General registration opens June 20. Once registered, attendees can sign up for free tickets for one or more panel discussions beginning August 16.

Those interested in attending one or more scheduled dinners with event speakers and other special guests must purchase tickets separately. Dinner ticket sales begin July 25 for Giving Society members and August 16 for the general public. Become a member of the AGF Giving Society today.

Weather permitting, some WIT Festival events may take place in outside venues on the Shakespeare & Company campus. The WIT Festival will follow CDC and Massachusetts Public Health COVID-19 rules for gatherings.

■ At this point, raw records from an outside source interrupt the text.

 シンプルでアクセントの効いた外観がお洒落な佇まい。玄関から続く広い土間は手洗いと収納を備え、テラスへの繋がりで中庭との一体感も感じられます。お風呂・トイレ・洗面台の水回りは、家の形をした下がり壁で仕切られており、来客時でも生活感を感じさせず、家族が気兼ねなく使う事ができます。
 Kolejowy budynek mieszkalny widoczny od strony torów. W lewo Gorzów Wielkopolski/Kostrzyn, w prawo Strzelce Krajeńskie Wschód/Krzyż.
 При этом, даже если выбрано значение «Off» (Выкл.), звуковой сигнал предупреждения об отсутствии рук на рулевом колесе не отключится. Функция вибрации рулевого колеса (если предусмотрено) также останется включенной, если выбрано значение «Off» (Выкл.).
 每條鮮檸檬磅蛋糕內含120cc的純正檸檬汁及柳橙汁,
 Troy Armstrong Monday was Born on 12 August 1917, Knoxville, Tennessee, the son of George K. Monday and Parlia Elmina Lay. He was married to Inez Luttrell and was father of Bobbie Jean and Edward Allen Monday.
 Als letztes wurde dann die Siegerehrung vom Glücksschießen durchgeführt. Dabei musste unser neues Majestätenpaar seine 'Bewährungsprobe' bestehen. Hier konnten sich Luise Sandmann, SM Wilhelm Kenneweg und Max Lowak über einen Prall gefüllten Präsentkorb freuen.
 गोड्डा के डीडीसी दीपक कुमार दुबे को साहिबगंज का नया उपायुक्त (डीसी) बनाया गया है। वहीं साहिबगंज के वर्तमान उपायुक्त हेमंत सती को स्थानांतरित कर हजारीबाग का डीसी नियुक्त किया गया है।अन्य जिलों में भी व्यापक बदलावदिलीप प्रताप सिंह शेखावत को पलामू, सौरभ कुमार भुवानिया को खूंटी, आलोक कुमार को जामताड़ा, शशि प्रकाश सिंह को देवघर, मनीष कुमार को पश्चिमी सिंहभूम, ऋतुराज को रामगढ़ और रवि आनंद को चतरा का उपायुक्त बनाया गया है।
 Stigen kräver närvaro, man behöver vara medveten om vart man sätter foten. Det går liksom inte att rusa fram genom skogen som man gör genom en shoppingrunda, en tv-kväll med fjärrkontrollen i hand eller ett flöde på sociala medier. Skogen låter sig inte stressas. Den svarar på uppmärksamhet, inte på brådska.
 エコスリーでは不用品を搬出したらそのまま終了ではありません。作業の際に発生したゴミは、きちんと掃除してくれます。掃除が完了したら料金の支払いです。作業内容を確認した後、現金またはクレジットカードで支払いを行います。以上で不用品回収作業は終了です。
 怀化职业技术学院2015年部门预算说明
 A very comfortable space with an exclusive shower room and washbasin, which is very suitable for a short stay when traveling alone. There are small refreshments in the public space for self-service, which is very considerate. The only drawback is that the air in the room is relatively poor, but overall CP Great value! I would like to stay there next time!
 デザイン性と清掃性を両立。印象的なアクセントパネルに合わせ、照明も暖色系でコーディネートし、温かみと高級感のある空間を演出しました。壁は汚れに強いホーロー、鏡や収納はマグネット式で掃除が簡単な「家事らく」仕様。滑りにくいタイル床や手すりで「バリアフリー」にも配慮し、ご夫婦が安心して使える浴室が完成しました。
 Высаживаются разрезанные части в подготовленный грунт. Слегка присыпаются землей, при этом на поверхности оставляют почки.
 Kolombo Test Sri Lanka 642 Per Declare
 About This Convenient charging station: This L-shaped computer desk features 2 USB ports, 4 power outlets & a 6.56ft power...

Register or find more information, including hotel accommodations and dining options, at authorsguild.org/witfestival.

About the Authors Guild and the Authors Guild Foundation

With more than 12,000 members, the Authors Guild is the nation’s oldest and largest professional organization for published writers. It advocates on behalf of working writers to protect free speech, freedom of expression and authors’ copyrights; fights for fair contracts and authors’ ability to earn a livable wage; and provides a welcoming community for writers and translators of fiction, nonfiction, poetry and journalism. Free programming to teach working writers about the business of writing, and public events that highlight the importance of a rich, diverse American literary culture and the authors that contribute to it, is made possible through the Authors Guild Foundation, the Guild’s educational and charitable arm.